Military veterans who fought alongside him joined family and community mourners at the traditional funeral service in Fresno, California, where he died last month, aged 81.

But even as the Fresno ceremony started, Hmong and US supporters renewed their call for the general to be honored with a burial at Arlington National Cemetery, where top US military brass are laid to rest.

"We are fighting that right now.
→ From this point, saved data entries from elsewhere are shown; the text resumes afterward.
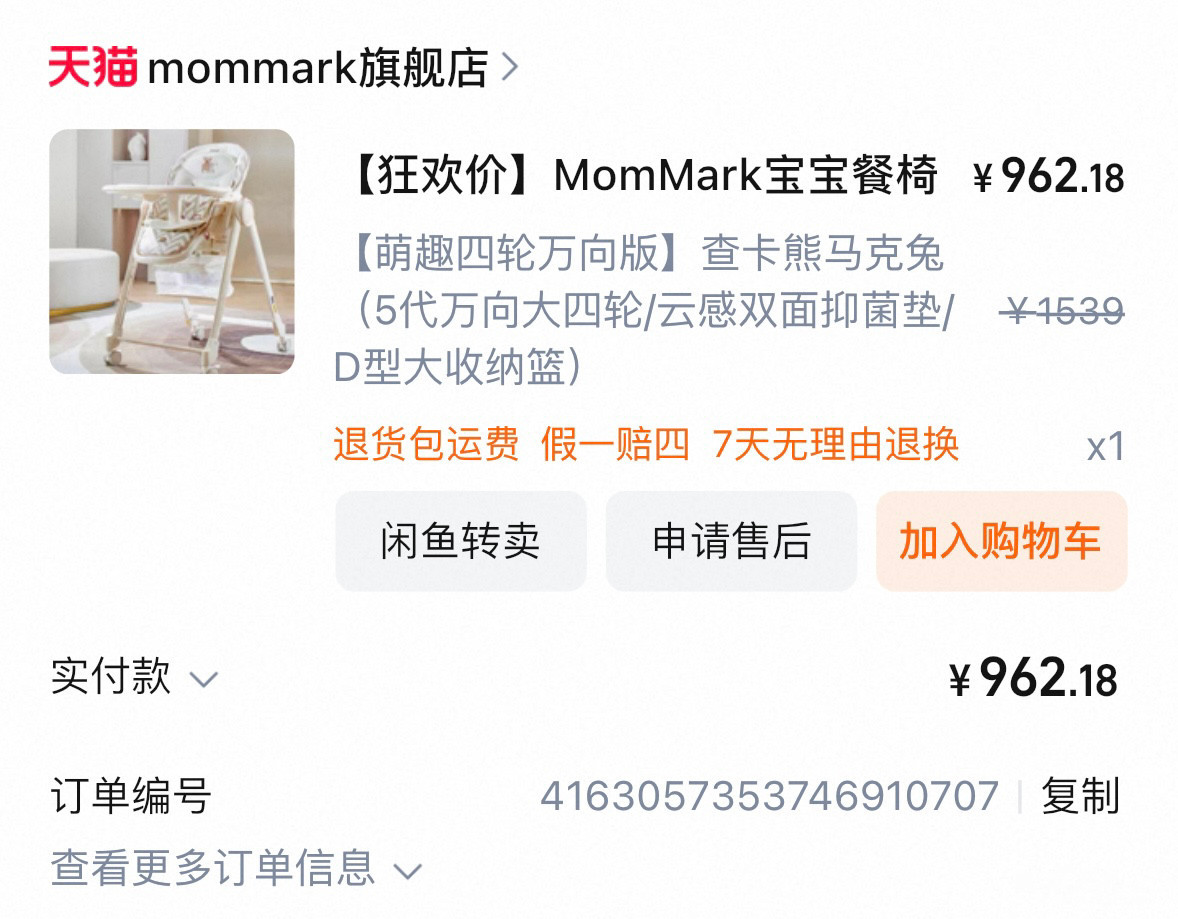 转闲置餐椅,购买时962元,宝宝3个月时候买的,非常好用,可以躺下喝奶,坐着玩玩具。简直就是哄娃神器。9成新,目前价格500元。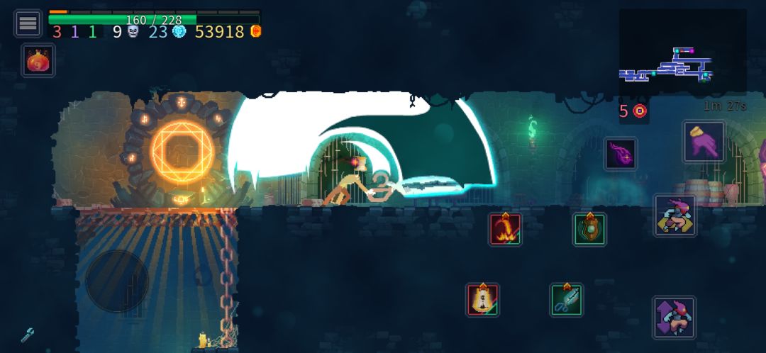 首先游戏的基本属就不用多说了 ,经过我将近600小时的研究,这个游戏你想提升实力最快的办法就是练。 1,基本 首先当你好不容易打到一个boss关卡后被boss干掉了,不要去依靠再去刷一关,再到这个boss面前去攻略他,直接到训练房里右转,就有boss专门的练习地,直接去练他就可以了,通常练到无伤就基本过关。 盾反必须必须练,你盾反都不会,你还玩什么死亡细胞,直接训练房去练盾反,有专门的小怪生成地,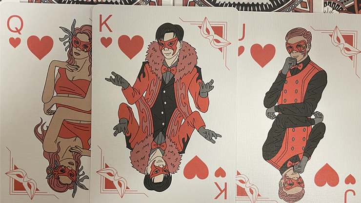Masquerade: decadence, deception, seduction. Four secret societies meet after centuries, in a false peace. Stakes: high. Only jokers seem to grasp this.

We will succeed... The general's dream will come true, and the veterans will lay in rest in a place of honor," said friend and aide Charlie Waters during the two-hour long ceremony.
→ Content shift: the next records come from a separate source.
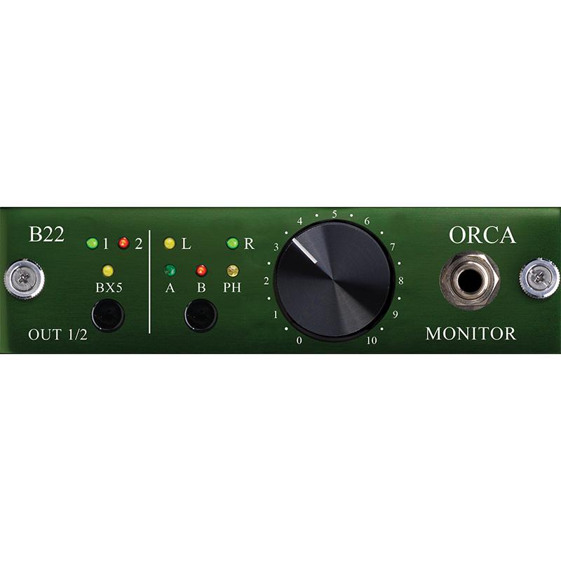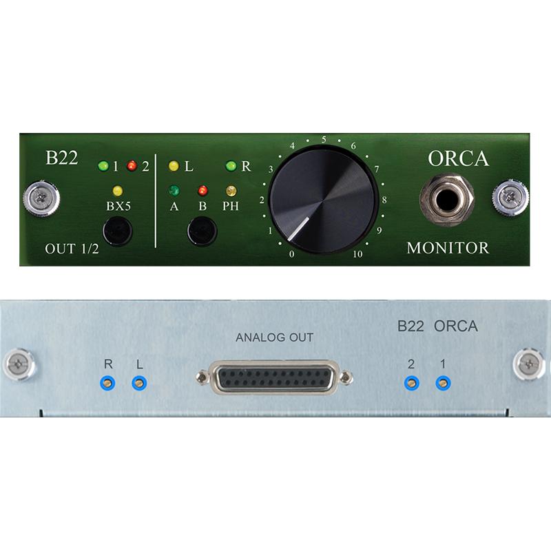 Couple the new B22 ORCA Control Room Monitor daughter card with a B16 Mothership and a B4 MIC/LINE input card and you have an amazing audiophile desktop recording rig. Or, combine the B22 ORCA with a B16 and a BAD4M and you have the ultimate 4 in x 4 out mastering solution.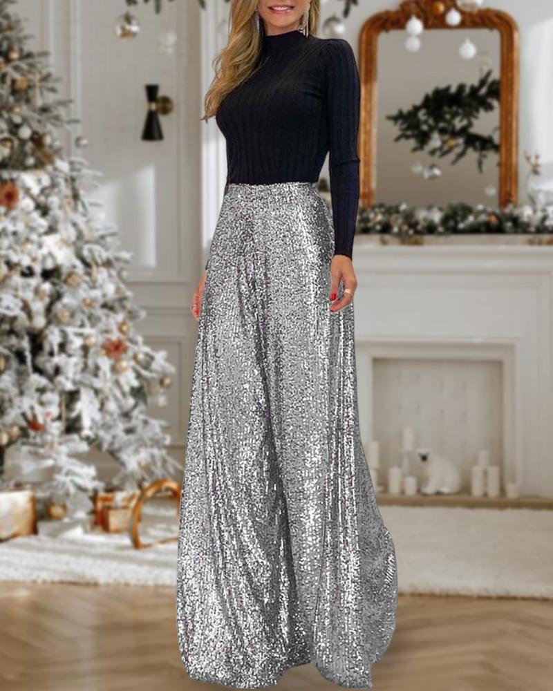 High Waist Sequin Wide Leg Flared Pants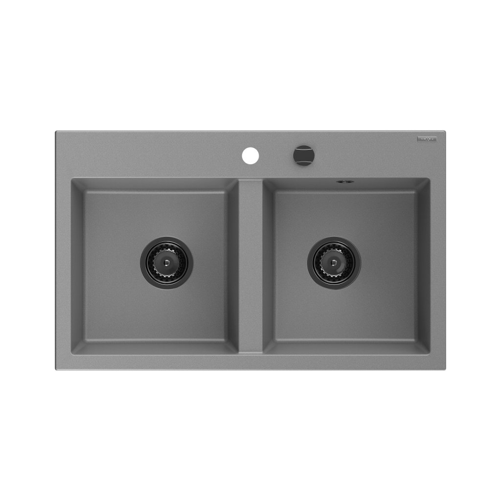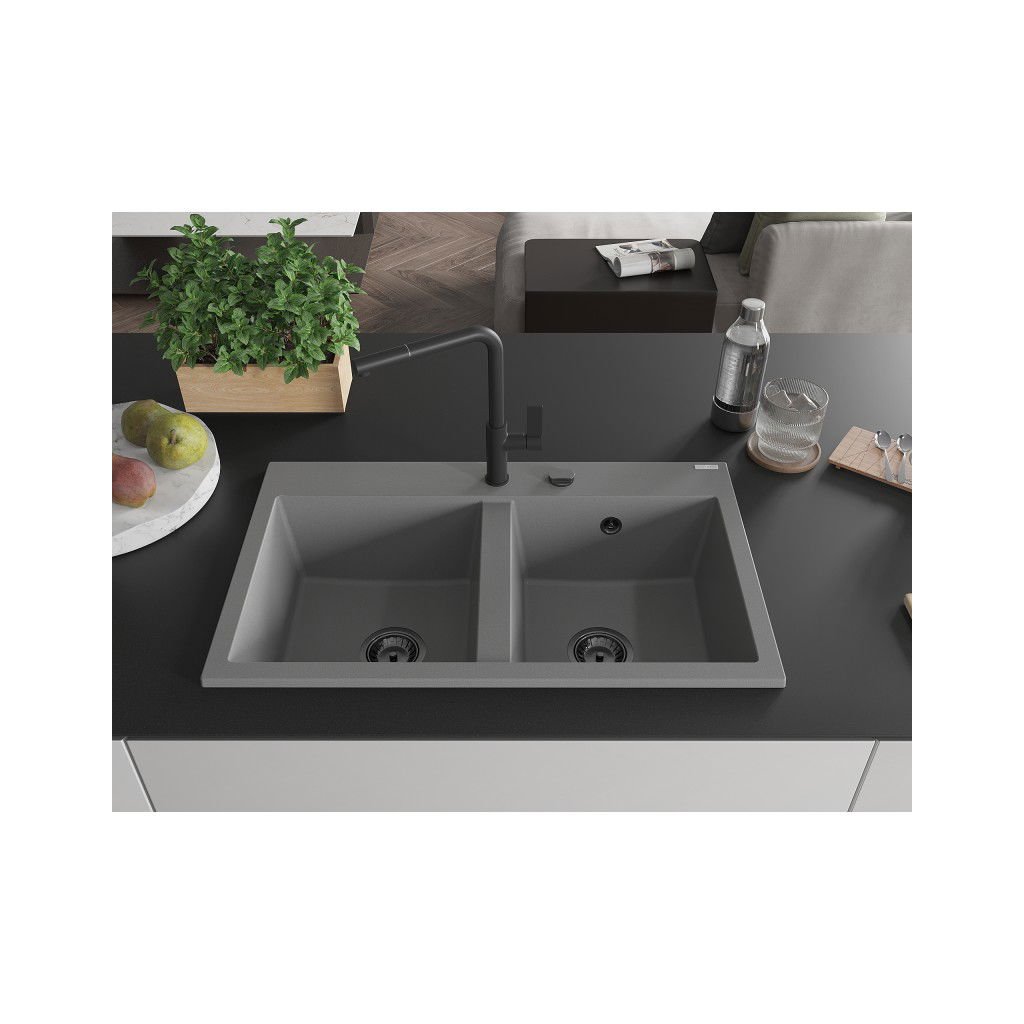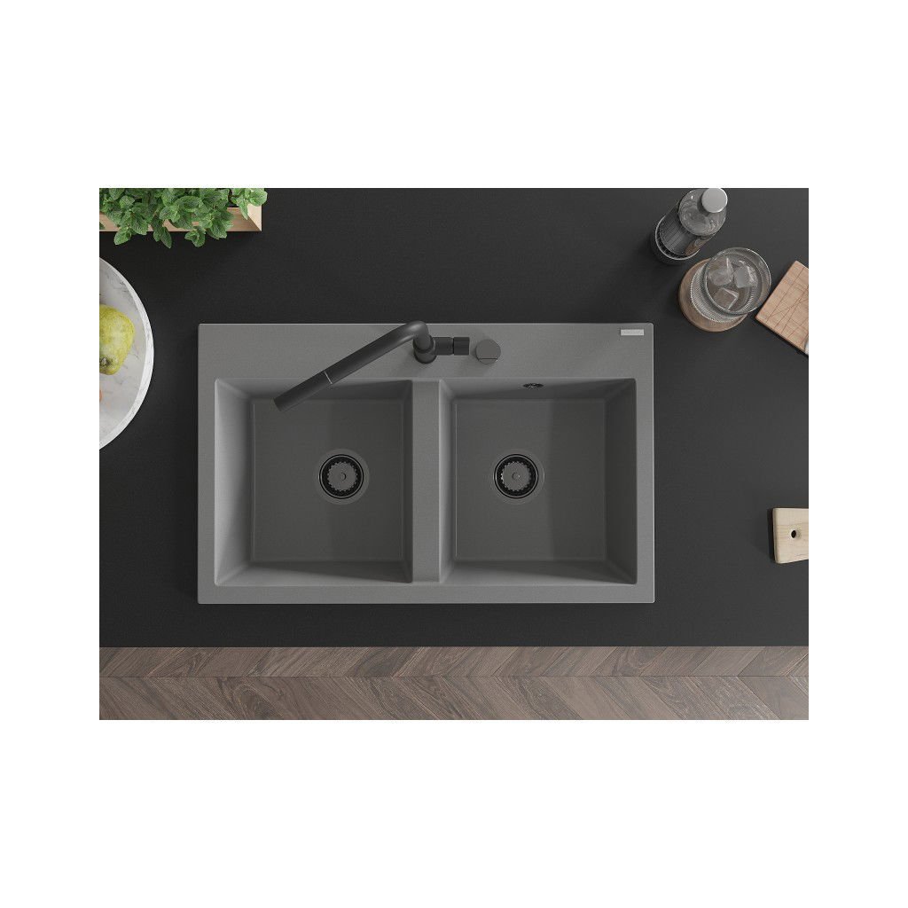Mexen Hektor, 2-komorový granitový drez 800x480x205 mm, šedá, grafitový sifón, 6521802000-71-B

Draped in the red, white and blue of the Stars and Stripes, Vang Pao's coffin was borne into Fresno's convention center where tens of thousands of Hmong from the United States and abroad were expected to gather over the weekend.

Rows of black-clad mourners joined ranks of soldiers in uniforms and khakis, as well as bagpipers in kilts who had accompanied the casket into the hall, to the strains of Dvorak's "New World" Symphony.

"Today our Laotian nation has lost... one of its outstanding sons," said Khamphay Abbay, a former Royal Lao official and Laotian currently living in Australia, who was an advisor to Vang Pao during the war.

Vang Pao led the Central Intelligence Agency (CIA)-backed force that assisted the United States in Vietnam, during its ill-fated war with communist forces in the north of southeast Asian nation.

He died of pneumonia on January 6 and supporters have been pressing for Vang Pao to be buried in Arlington since then, but so far there has been no word from US military authorities.

California US congressman Jim Costa has led a group of lawmakers in Washington lobbying for the honor, so far without success -- although supporters are still hoping for a decision.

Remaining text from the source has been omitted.